A sphere of mass 30.0 kg and radius 0.150 m is attached to a point on a smooth vertical wall by a string of length 0.150 m which runs from a point on the surface of the sphere to the point on the wall. Find the tension in the string and the horizontal force applied to the sphere by the wall
To find the tension in the string and the horizontal force applied to the sphere by the wall, we need to analyze the forces acting on the sphere.
Let's start by considering the forces acting on the sphere when it is in equilibrium. There are two forces acting on the sphere: the weight of the sphere and the tension in the string.
1. Weight of the sphere (W):
The weight of an object is given by the formula W = mg, where m is the mass of the object and g is the acceleration due to gravity. In this case, the mass of the sphere is given as 30.0 kg, and we'll assume the acceleration due to gravity is 9.8 m/s².
Thus, the weight of the sphere is:
W = (30.0 kg) * (9.8 m/s²) = 294 N (Newtons)
2. Tension in the string (T):
The tension in the string is the force exerted by the string to keep the sphere in equilibrium.

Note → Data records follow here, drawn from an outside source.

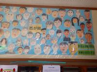 全校児童303人の自画像が、登校してくる子供たちや来校する皆さんを笑顔で迎えています。
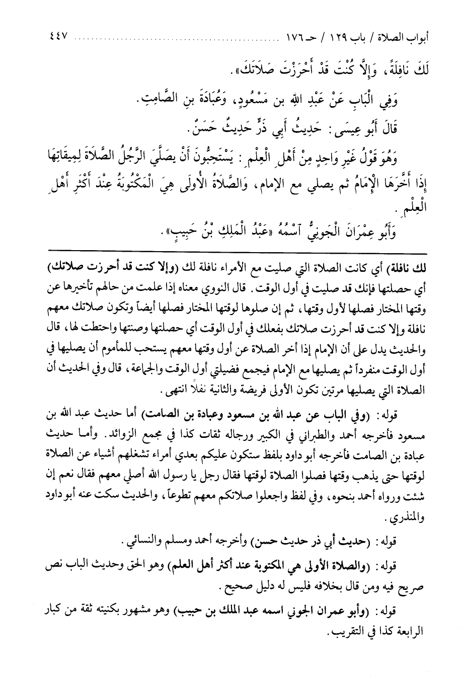 قَوْلُهُ (وَالصَّلَاةُ الْأُولَى هِيَ الْمَكْتُوبَةُ عِنْدَ أَكْثَرِ أَهْلِ العلم) وهوالحق وَحَدِيثُ الْبَابِ نَصٌّ صَرِيحٌ فِيهِ وَمَنْ قَالَ بِخِلَافِهِ فَلَيْسَ لَهُ دَلِيلٌ صَحِيحٌ
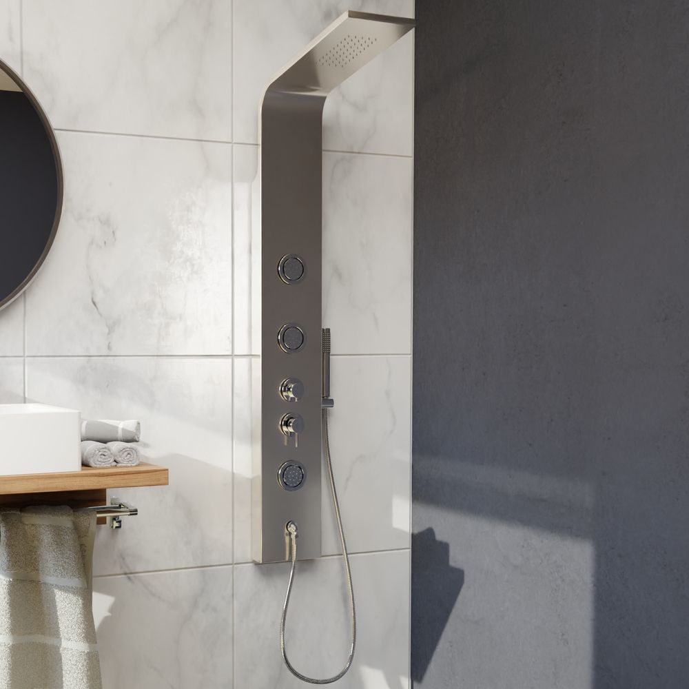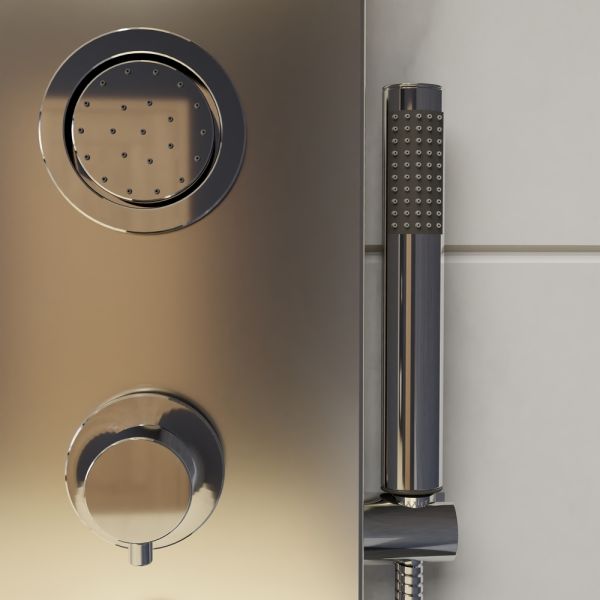 Представляем Вашему вниманию душевую стойку из коллекции Shower Panels.Каждая деталь этой душевой стойки составляет общее представление о стиле и лаконичности, а благодаря компактному размещение-разгружает общее пространство.Сегодня такое решение является дополнением к современному дизайну.Помимо визуальной составляющей душевая стойка выполнена по наивысшим стандартам качества.Такое расположение позволяло максимально разгрузить пространство санузлов и выделить для душа совсем небольшой уголок.
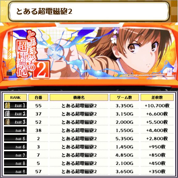 2位には【とある超電磁砲2・55番台】の+10,700枚、3位には【吉宗・255番台】の+10,550枚がランクインっ🏆🏆🏆🏆
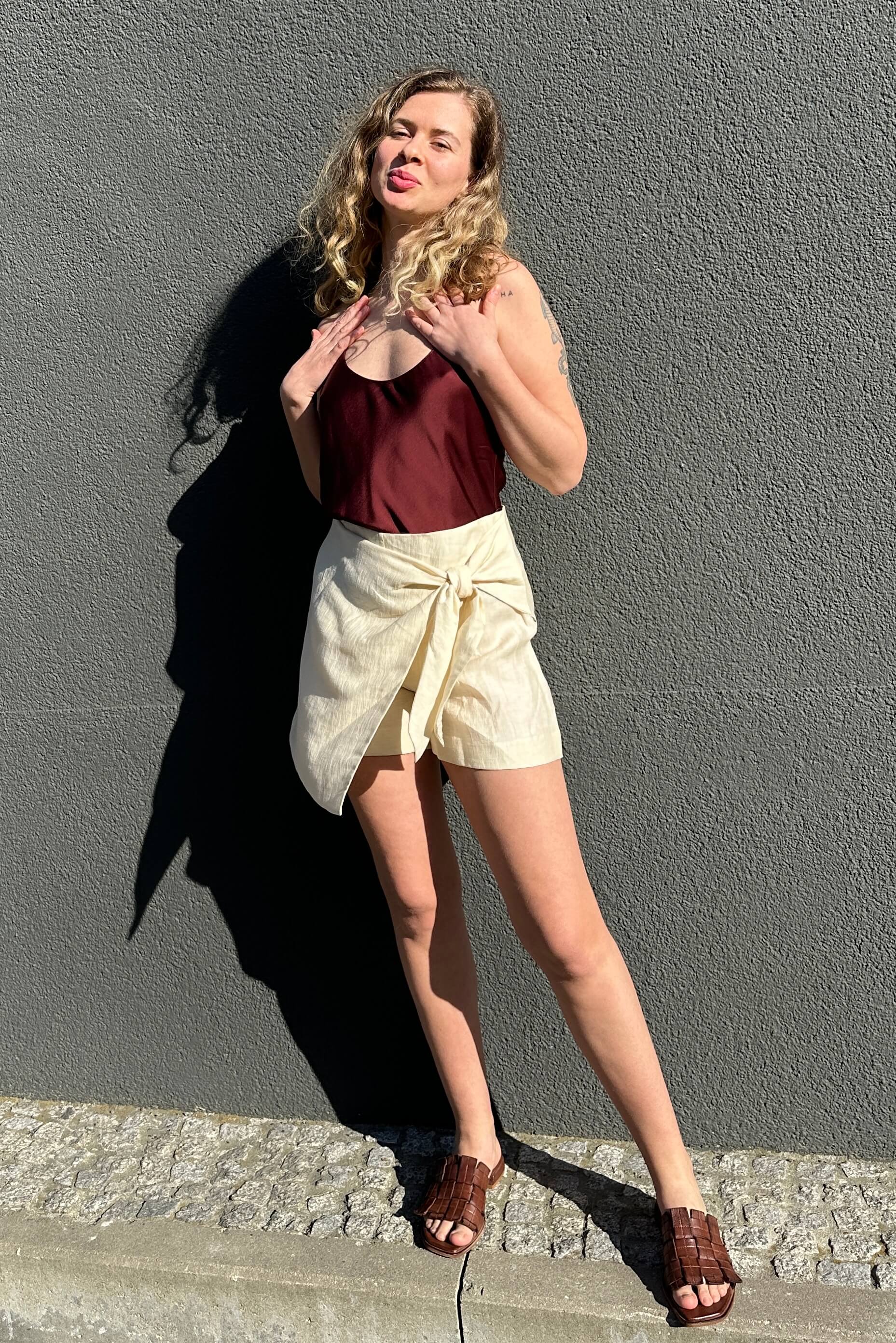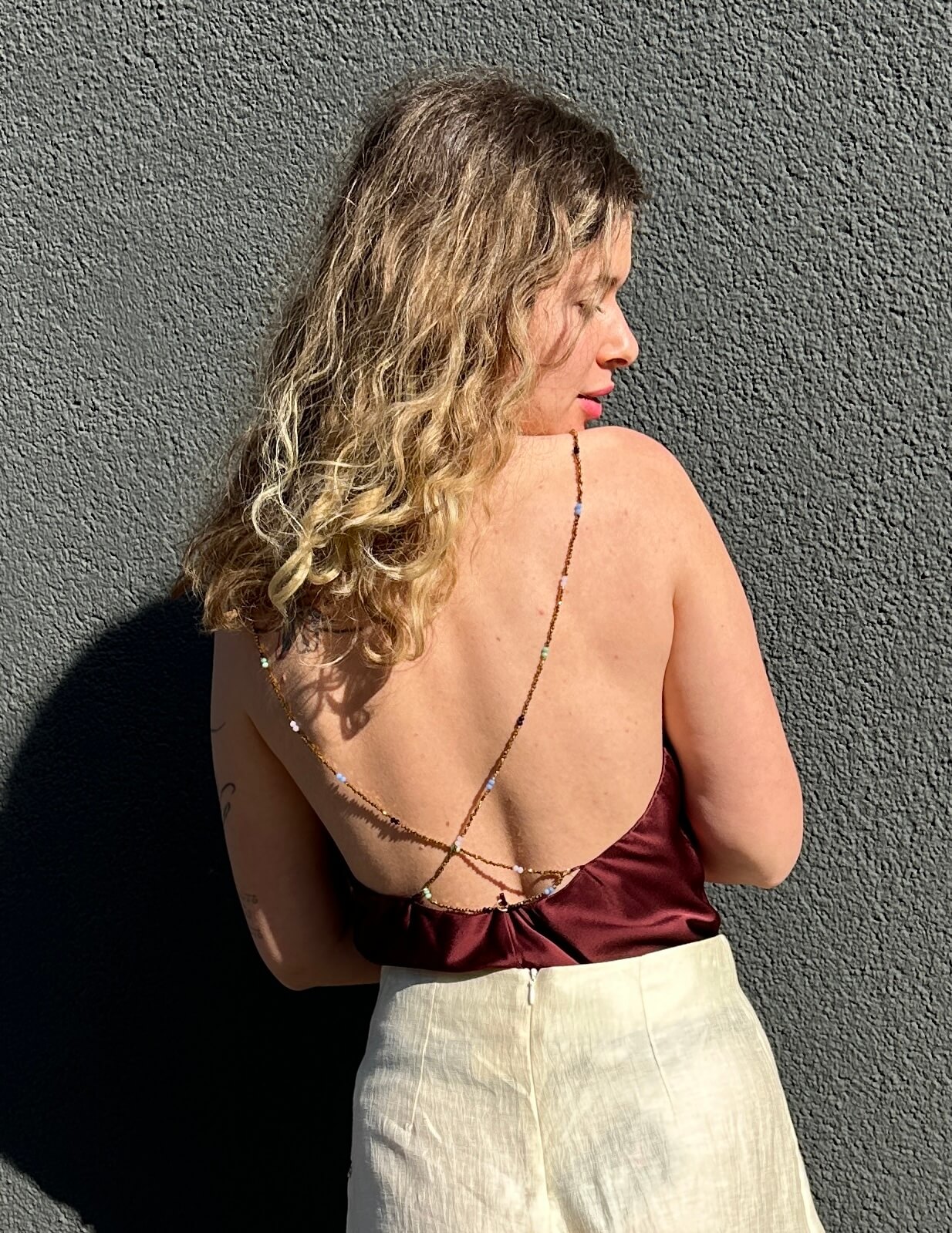 Edles Viscose Top in Merlot mit Perlenträgern. 100% Viscose. Fällt größengenau aus.
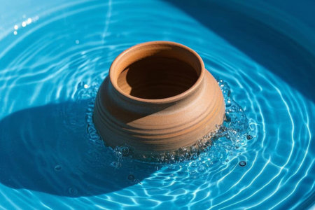Rustic clay pot on sand-laden surface illuminated by natural light
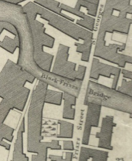 This was historically a built-up area of the street, but is now St. George’s Green. Near to the river, the Blackfriars Tavern was a pub which traded between the mid-eighteenth century until its final closure in 1911. It was also known as the Cellar House and the Friars Tavern, and probably overlooked the river.
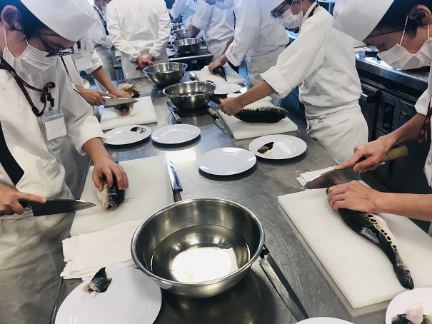 この授業は河豚の取り扱いの知識とさばく技能の獲得を目指します。
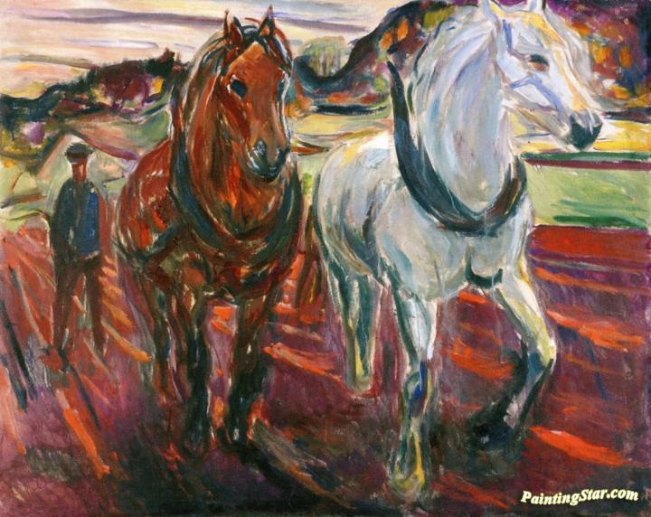 Horse Team Plowing, Art Painting by Edvard Munch
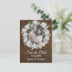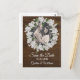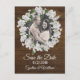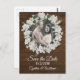 Rustic chic wedding save the date postcard done in a dark wood look with graphics of a baby's breath floral wreath framing the happy couple's photograph. Personalise with your picture and text to suit your needs. Matching products are available.
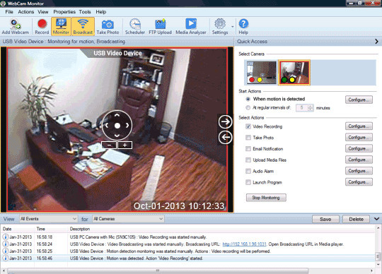 WebCam Monitor kann automatisch aufgezeichnete Video-, Audio- und Snapshots auf einen Server hochladen. PLATZVideo kann auch live über das Internet gestreamt werden, so dass Sie Ereignisse von jedem Computer mit einer Internetverbindung überwachen können. Professionelle Sicherheitsfunktionen beinhalten das automatische Zeitstempeln von aufgenommenen Videos und Schnappschüssen. Alle überwachten Aktivitäten werden in einem Ereignisprotokoll zur schnellen Referenz angezeigt. Mit der Funktion "Auto Delete" können Sie eine Anzahl von Aufzeichnungen und "Snaps" speichern, ohne zu riskieren, Ihre Festplatte zu füllen und ohne Dateien manuell zu verfolgen und zu löschen.
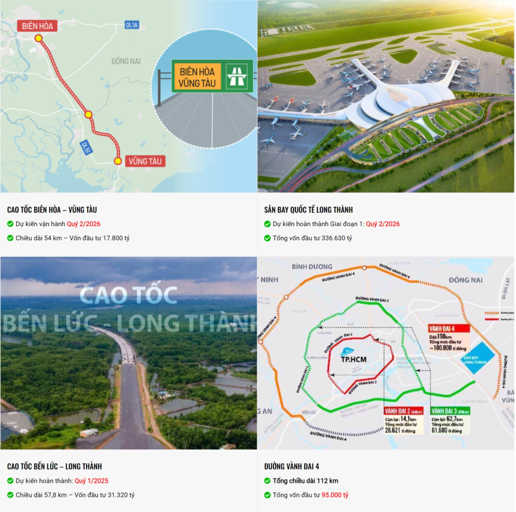 Sân bay Quốc tế Long Thành cũng sẽ thúc đẩy sự phát triển hạ tầng khu vực, đặc biệt là các tuyến giao thông lớn kết nối đến sân bay như cao tốc TP Hồ Chí Minh – Long Thành – Dầu Giây mở rộng, cao tốc Biên Hòa – Vũng Tàu, cao tốc Bến Lức – Long Thành, cùng với các tuyến đường sắt và đường Vành đai. Những cơ sở hạ tầng này sẽ gián tiếp thúc đẩy lưu thông hàng hóa, sản xuất và thương mại, từ đó kích thích nền kinh tế liên vùng, trong đó bất động sản cũng sẽ được hưởng lợi.
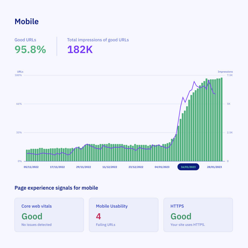 Hugely improved web vitals score showing we are delivering the best customer journey possible and keeping Google happy which should lead to better domain authority assisting organic and Paid Search. This has given us 95.8% of good URLs on Google Page Experience reports.
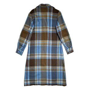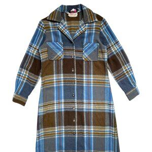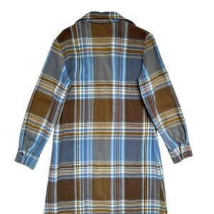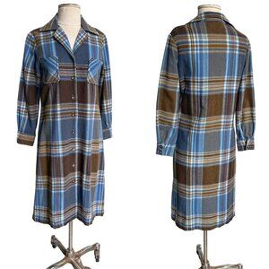 70s vintage plaid shirt dress / shacket / cabin coat , blue and brown wool blend. Perfect for fall.

In this case, the string is attached at a point on the surface of the sphere and to a point on the wall.
Since the string is connected to a point on the wall, it can provide a horizontal force. Let's call this horizontal force F.
As the sphere is in equilibrium, the vertical component of the tension in the string and the weight of the sphere must be balanced. This means T (vertical) = W.
Since the string is attached to the sphere and forms a right-angled triangle with the vertical wall, we can use trigonometry to find the vertical component of the tension.
The vertical component of the tension is given by the formula T (vertical) = T * sin θ, where θ is the angle formed between the string and the vertical wall.
In this case, the length of the string is given as 0.150 m, and the radius of the sphere is also given as 0.150 m. So the angle θ is equal to the angle formed between the string and the vertical wall, which is 90 degrees.
Thus, sin θ = sin 90° = 1.
Therefore, T (vertical) = T * 1 = T.
Since T (vertical) = W, we can equate the two:
T = W = 294 N.
So the tension in the string is 294 N.
To find the horizontal force applied to the sphere by the wall, we need to find the horizontal component of the tension.
The horizontal component of the tension is given by the formula T (horizontal) = T * cos θ.
In this case, cos θ = cos 90° = 0.
Therefore, T (horizontal) = T * 0 = 0 N.
Hence, the horizontal force applied to the sphere by the wall is 0 N.